An egg originating from an old Oldsmobile (crow) Mon 22 Jan 07 13:50
What was the song?
Michael Zentner (mz) Mon 22 Jan 07 14:36
>>>> that's how I discovered Little Feat Thanks for killing Lowell George!
Gavin Edwards (lagoon) Mon 22 Jan 07 15:33
I can think of two cases where I've had that sort of influence on an artist's career: 1. Mary Cutrufello. Good singer-songwriter who I knew from school: did rootsy country-rock trains about trains and such. I stayed in touch with her over the years and had brunch with her at SXSW sometime in the early '90s; she passed me a tape. Later that day, I played it in the car as I was driving out to a barbecue at Jimmie Dale Gilmore's house with a cool publicist, Holly Gleason. Holly totally flipped for it, ended up managing Mary, and got her signed to Mercury. I see Mary every now and then, but not for quite a few years now.the last time was circa '99, when I was writing about the Allman Brothers Band and she was their opening act. 2. In the mid-'90s, Details did a "Road Issue." The editors split into pairs and did various road trips around the country, meeting readers and checking out the world. EIC John Leland and I did Seattle to Los Angeles. Passing through Portland, I picked up a local band compilation at a record store; I think it was called I-5 Killers. One song jumped out from the unsigned morass, by a group called Everclear. I said, "I'll keep an eye out for them." Their debut, World of Noise, came out a year or so later, and I wrote a short profile. "Fire Maple Song" was a marginal hit, but that profile was by far the most prominent piece of press they got (don't know how much that helped them, either inside the record company or out, but it sure can't have hurt). So when their second record came out and "Santa Monica" began to break big, Everclear were amenable to having me ride on their bus with them in a way that they wouldn't have been with another writer. That was the closest I ever got to the Almost Famous experience: cruising around with the band, watching opening act No Doubt from backstage, making out with Keanu Reeves' date at a party. I ended up writing about the group four times overall in various formats over a few years, and their platinum record for Sparkle and Fade is one of only two I hang on my walls.

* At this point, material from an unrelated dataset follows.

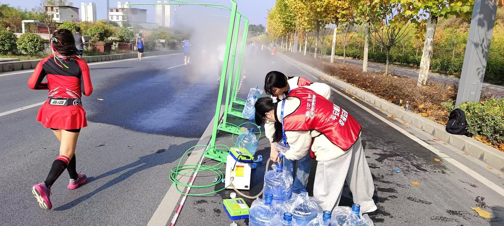 比赛当日,澳门信誉最好十大平台的志愿者们早早到达现场。他们统一着装,精神抖擞,提前进入工作岗位准备赛前相关事宜。比赛过程中,志愿者们分布在各个关键点位。有的在起点和终点引导运动员进入正确的赛道,维护现场秩序;有的在补给站,快速而准确的为选手递上饮用水和补充能量的食品;还有的沿途为运动员们加油助威,他们热情的笑脸和响亮的加油声成为选手们坚持奔跑的动力。

My free and simple demeanor set everybody at ease. (pdl) Mon 22 Jan 07 17:13
>The Tropicalia show was pretty great (if you're in NY, go catch it asap, because it closes this weekend); now I'd love to read a good English- language primer on the movement that covers both the art and the music. Any suggestions? Gavin, right before christmas I purchased the Soul Jazz Tropicalia compilation which i love and raved about over in newmusic. In the booklet that comes with the CD, they say: There are two essential books on Tropicalia: Brutality Garden by Christopher Dunn (Chapel Hill) Tropical Truth by Caetano Veloso (Bloomsbury) They also recommend the following: Hello, Hello brazil by Bryan McCann (Duke) A Consice History of Brazil by Boris Fausto Brazilian Cinema by Randal Johnson and Robert Stam Bossa Nova by Ruy Castro Of course, i can't vouch for any of these, but these are what S. Baker who did the booklet recommends, fwiw.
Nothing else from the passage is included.